Return nothing but the lines from the one containing "Vasemman laidan +-merkin" through the end of the records below, exactly as they stand and without pictures.

---------- Material for this task

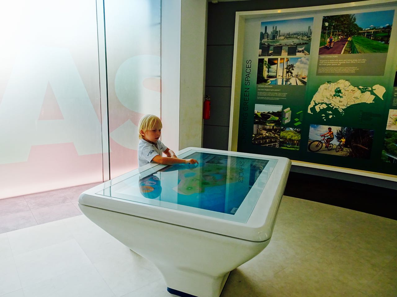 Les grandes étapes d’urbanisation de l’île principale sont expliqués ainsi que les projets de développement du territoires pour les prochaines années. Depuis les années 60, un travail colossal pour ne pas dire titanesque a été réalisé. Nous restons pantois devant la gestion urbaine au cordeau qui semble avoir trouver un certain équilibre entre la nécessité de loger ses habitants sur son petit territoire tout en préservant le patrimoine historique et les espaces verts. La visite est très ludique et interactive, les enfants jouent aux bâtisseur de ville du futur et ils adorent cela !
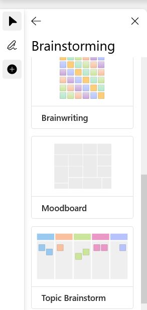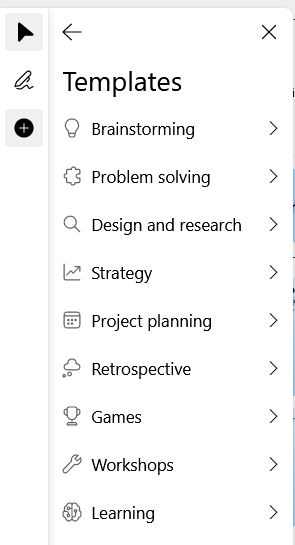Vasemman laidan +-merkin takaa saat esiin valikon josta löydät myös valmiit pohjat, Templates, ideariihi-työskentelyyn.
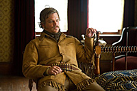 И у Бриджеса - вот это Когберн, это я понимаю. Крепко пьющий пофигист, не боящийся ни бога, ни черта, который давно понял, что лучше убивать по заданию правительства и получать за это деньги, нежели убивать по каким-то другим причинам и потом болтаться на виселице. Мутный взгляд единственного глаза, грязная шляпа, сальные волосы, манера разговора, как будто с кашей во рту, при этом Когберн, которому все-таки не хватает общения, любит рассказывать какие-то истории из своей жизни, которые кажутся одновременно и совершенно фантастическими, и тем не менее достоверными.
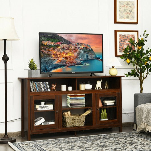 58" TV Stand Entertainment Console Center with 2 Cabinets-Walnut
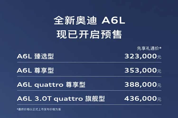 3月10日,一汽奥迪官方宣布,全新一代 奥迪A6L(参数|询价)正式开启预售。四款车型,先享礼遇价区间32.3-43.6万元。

--------------------

Your solution ▸
Vasemman laidan +-merkin takaa saat esiin valikon josta löydät myös valmiit pohjat, Templates, ideariihi-työskentelyyn.
 И у Бриджеса - вот это Когберн, это я понимаю. Крепко пьющий пофигист, не боящийся ни бога, ни черта, который давно понял, что лучше убивать по заданию правительства и получать за это деньги, нежели убивать по каким-то другим причинам и потом болтаться на виселице. Мутный взгляд единственного глаза, грязная шляпа, сальные волосы, манера разговора, как будто с кашей во рту, при этом Когберн, которому все-таки не хватает общения, любит рассказывать какие-то истории из своей жизни, которые кажутся одновременно и совершенно фантастическими, и тем не менее достоверными.
 58" TV Stand Entertainment Console Center with 2 Cabinets-Walnut
 3月10日,一汽奥迪官方宣布,全新一代 奥迪A6L(参数|询价)正式开启预售。四款车型,先享礼遇价区间32.3-43.6万元。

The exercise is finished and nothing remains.